#### ASSIGNMENT
Keep the pictures out of the copy and repeat the records exactly.

#### RECORDS SUPPLIED
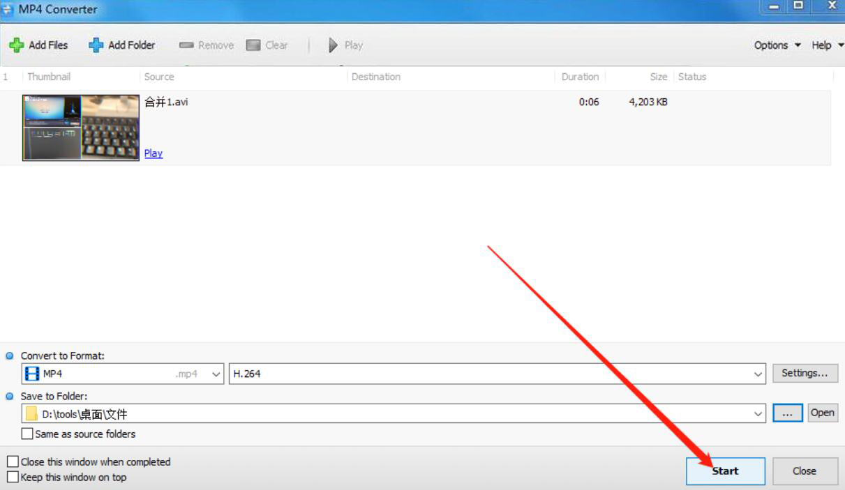 5、最后,回到Tomabo MP4 Converter操作界面,点击界面右下方的“Start”按钮,Tomabo MP4 Converter便开始将AVI转MP4。
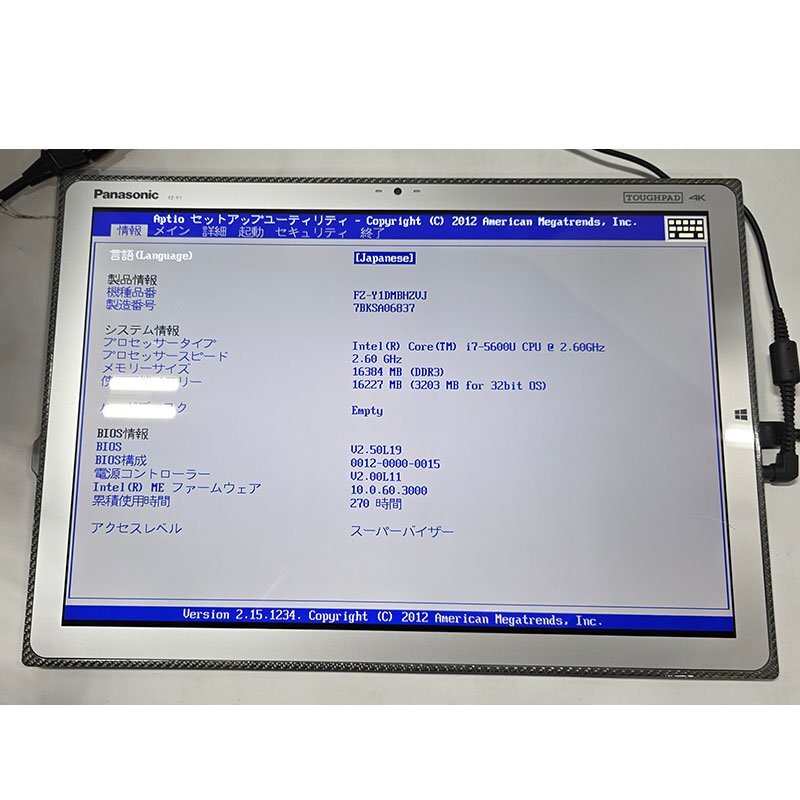 BIOS起動および液晶表示、タッチ操作、USBポート認識を確認しました。 特に異常は見られません。上記以外のデバイス、インターフェースは未確認です。 |
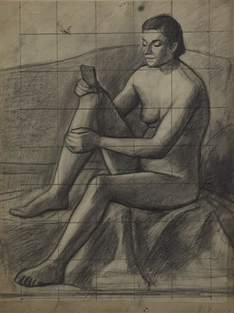 Borra Pompeo. "Studio per nudo femminile" Carboncino su carta (cm 45x32)....
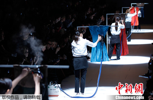 巴黎时装周个性秀场 工作人员T台烫衣模特现场玩变装
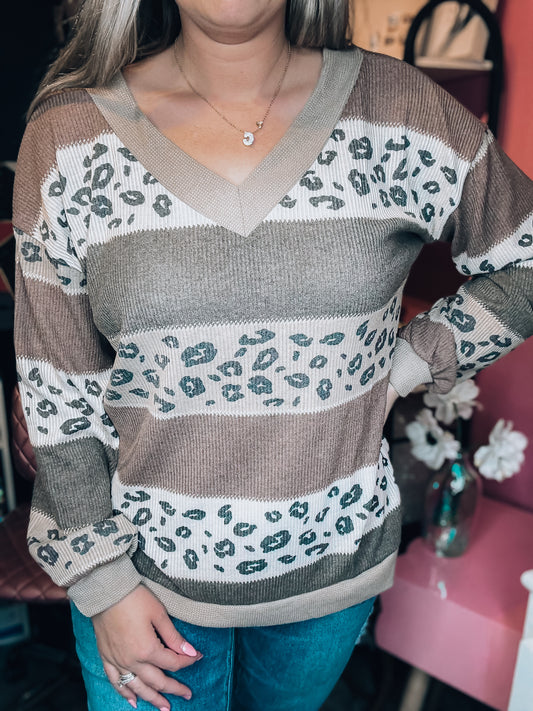Mocha Cheetah Colorblock Striped Top
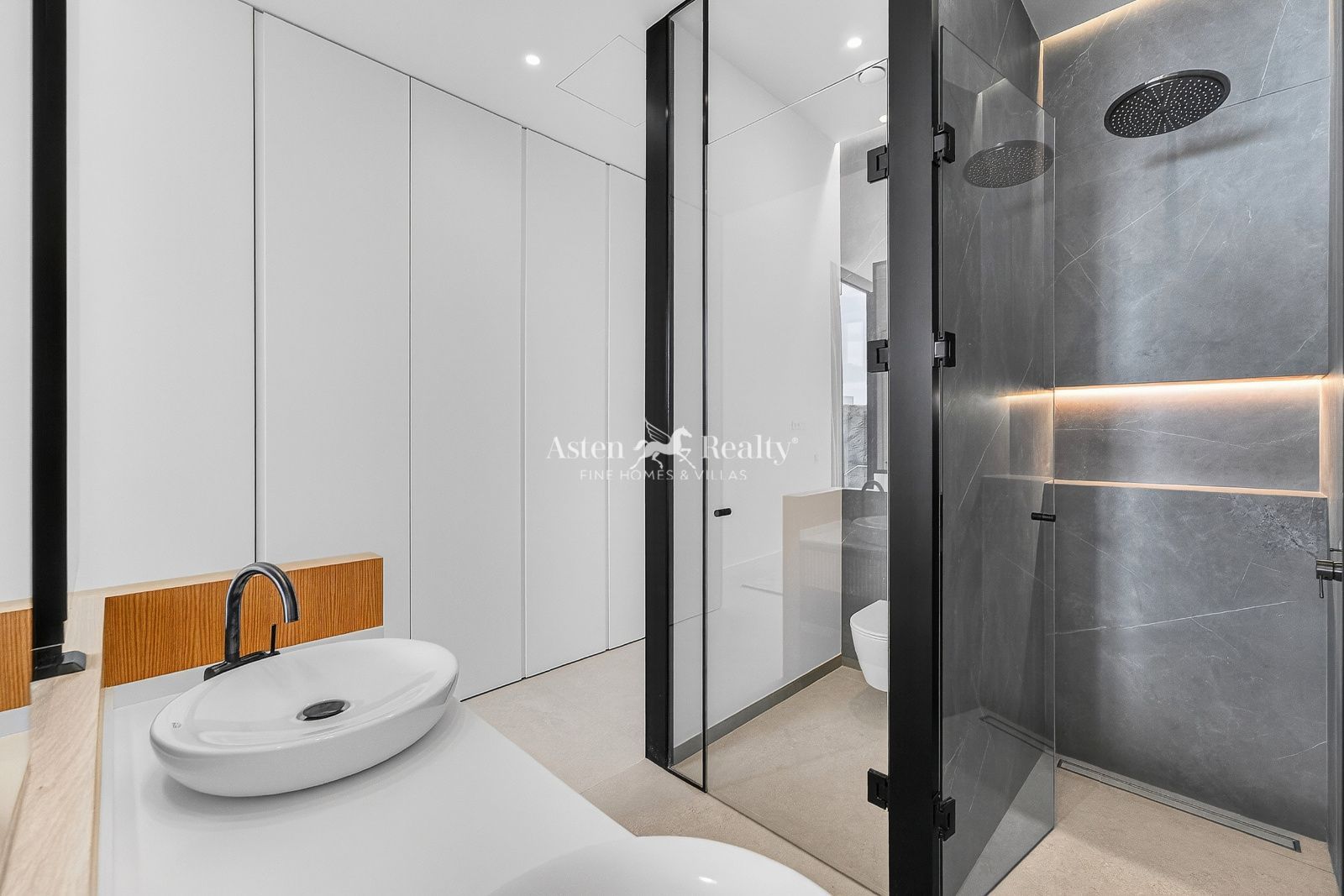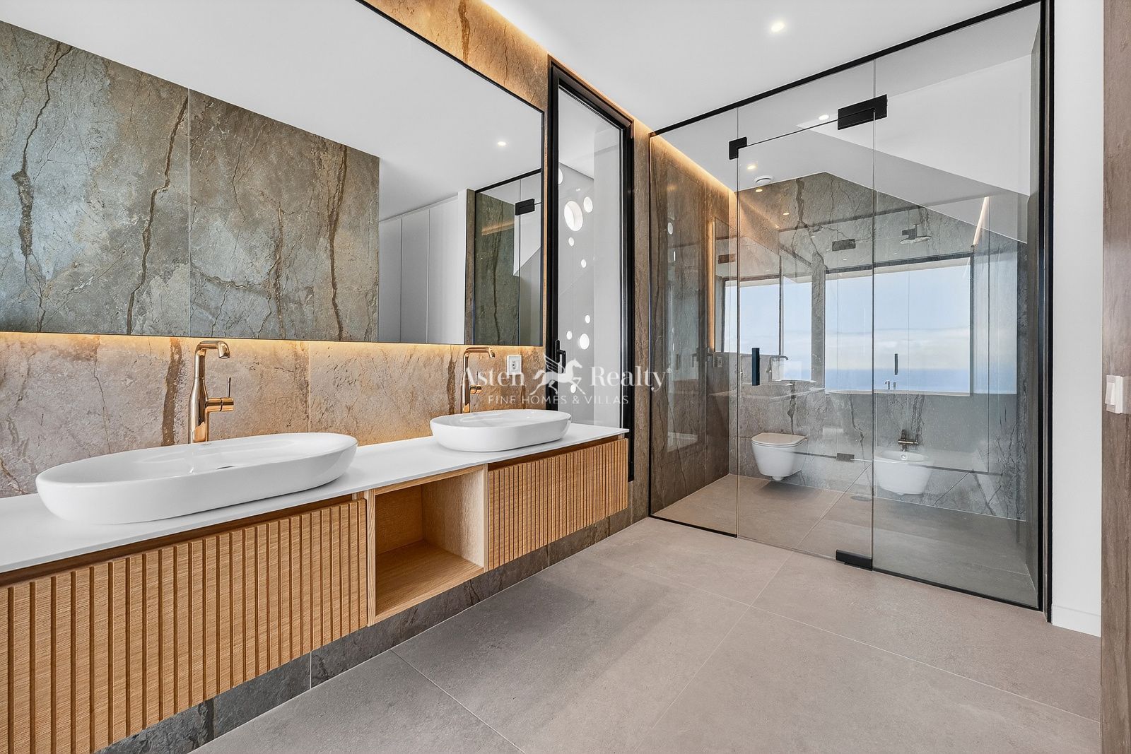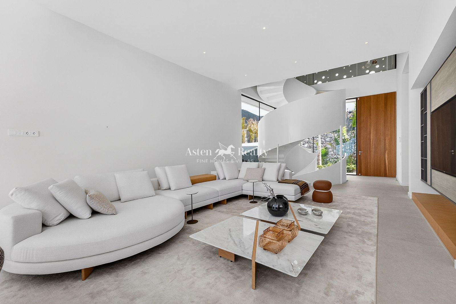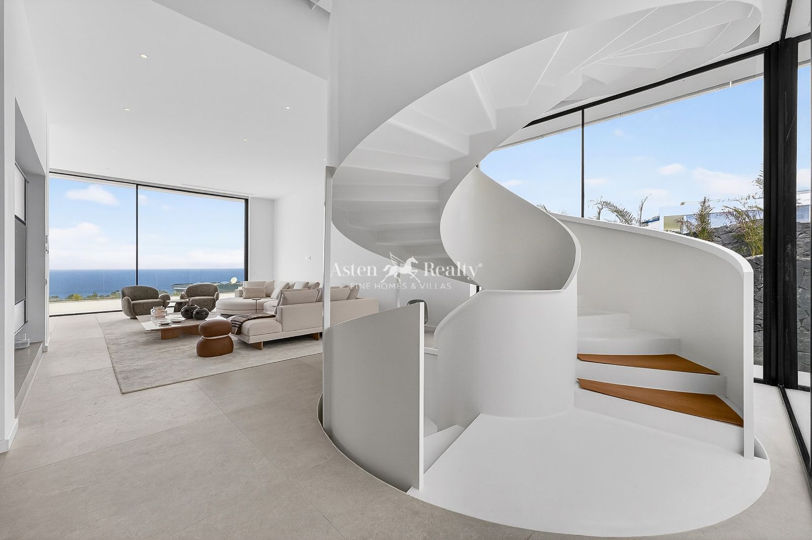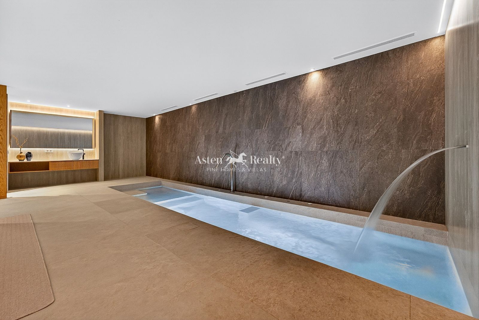En la planta baja, la villa sorprende con una zona de bienestar privada que incluye spa, sauna, gimnasio, sala polivalente y un amplio garaje para cuatro vehículos. Las tres plantas están conectadas por un ascensor y una escalera escultural que añade presencia y carácter a la arquitectura.

#### EXPECTED ANSWER
 5、最后,回到Tomabo MP4 Converter操作界面,点击界面右下方的“Start”按钮,Tomabo MP4 Converter便开始将AVI转MP4。
 BIOS起動および液晶表示、タッチ操作、USBポート認識を確認しました。 特に異常は見られません。上記以外のデバイス、インターフェースは未確認です。 |
 Borra Pompeo. "Studio per nudo femminile" Carboncino su carta (cm 45x32)....
 巴黎时装周个性秀场 工作人员T台烫衣模特现场玩变装
Mocha Cheetah Colorblock Striped Top
En la planta baja, la villa sorprende con una zona de bienestar privada que incluye spa, sauna, gimnasio, sala polivalente y un amplio garaje para cuatro vehículos. Las tres plantas están conectadas por un ascensor y una escalera escultural que añade presencia y carácter a la arquitectura.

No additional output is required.